--- DATASET CONTENT ---
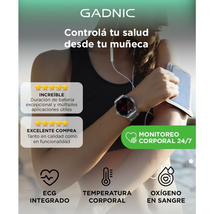 Monitoreo de salud completo: Medí ECG, temperatura, oxígeno en sangre y presión arterial desde tu muñeca. Datos sincronizables con app. Conectividad BT con llamadas: Recibí y realizá llamadas, consultá contactos y escuchá música sin sacar el celular del bolsillo. Ideal para entrenamientos y deporte:...
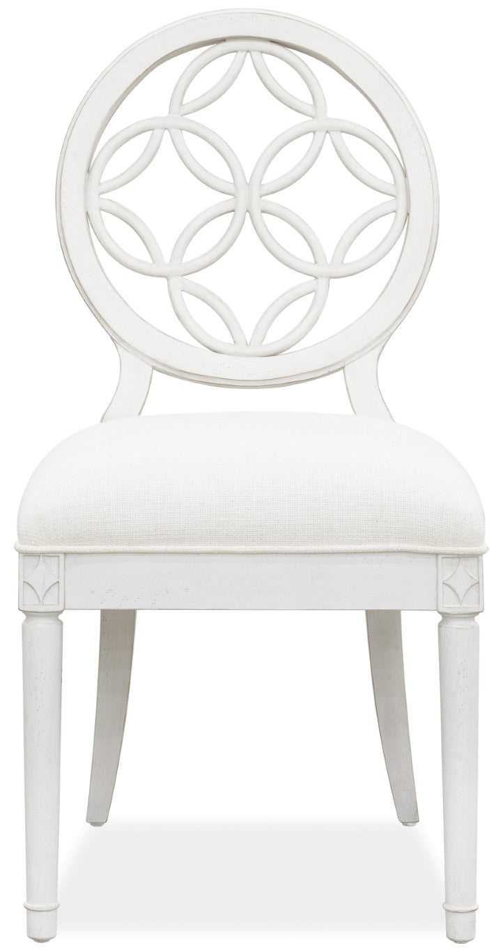 Bring a touch of casual elegance to your dining space with the Brynlee Side Chair. Its lace-like interlocking circle fretwork back adds visual interest while the cushioned linen-blend seat ensures comfortable gatherings. The creamy white finish with subtle distressing creates a relaxed yet refined look that pairs well with both traditional and transitional décor.
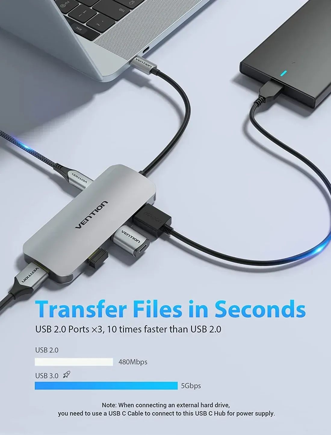 Vention USB-хаб Type-C к HDMI/USB 3.0x3/SD/TF/PD Docking Station серый 0.15M алюминиевый корпус TOJHB
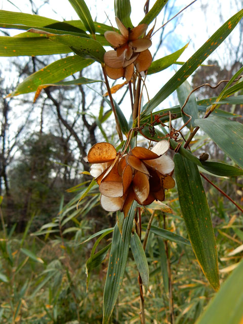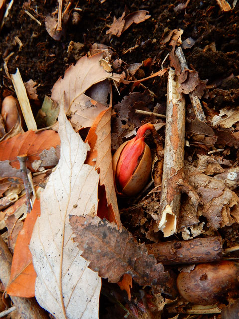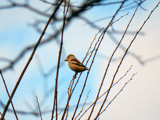 同じ高台の林では、シメの姿も確認できました。少し似ているイカルさんらとは違い、うちらが見かける時はたいてい1羽の単独が多いです。・°・。目とくちばしが大きいところがかわいくて好きです♪ 雑木林の中には笹藪が広がっていて、その間に落ち葉の厚く積もった けもの道が続いております。・°・。笹の枝先にはヤマノイモのツルと種がまだ絡みついておりました。・°・。ムカゴの成るシーズンには、ぜひムカゴ採取に訪れたいと思いました。・°・。●
---
» **TASK BRIEF**
Return the full listing above exactly as written, and omit the pictures.

» **OUTPUT OF THE TASK**
 Monitoreo de salud completo: Medí ECG, temperatura, oxígeno en sangre y presión arterial desde tu muñeca. Datos sincronizables con app. Conectividad BT con llamadas: Recibí y realizá llamadas, consultá contactos y escuchá música sin sacar el celular del bolsillo. Ideal para entrenamientos y deporte:...
 Bring a touch of casual elegance to your dining space with the Brynlee Side Chair. Its lace-like interlocking circle fretwork back adds visual interest while the cushioned linen-blend seat ensures comfortable gatherings. The creamy white finish with subtle distressing creates a relaxed yet refined look that pairs well with both traditional and transitional décor.
 Vention USB-хаб Type-C к HDMI/USB 3.0x3/SD/TF/PD Docking Station серый 0.15M алюминиевый корпус TOJHB
 同じ高台の林では、シメの姿も確認できました。少し似ているイカルさんらとは違い、うちらが見かける時はたいてい1羽の単独が多いです。・°・。目とくちばしが大きいところがかわいくて好きです♪ 雑木林の中には笹藪が広がっていて、その間に落ち葉の厚く積もった けもの道が続いております。・°・。笹の枝先にはヤマノイモのツルと種がまだ絡みついておりました。・°・。ムカゴの成るシーズンには、ぜひムカゴ採取に訪れたいと思いました。・°・。●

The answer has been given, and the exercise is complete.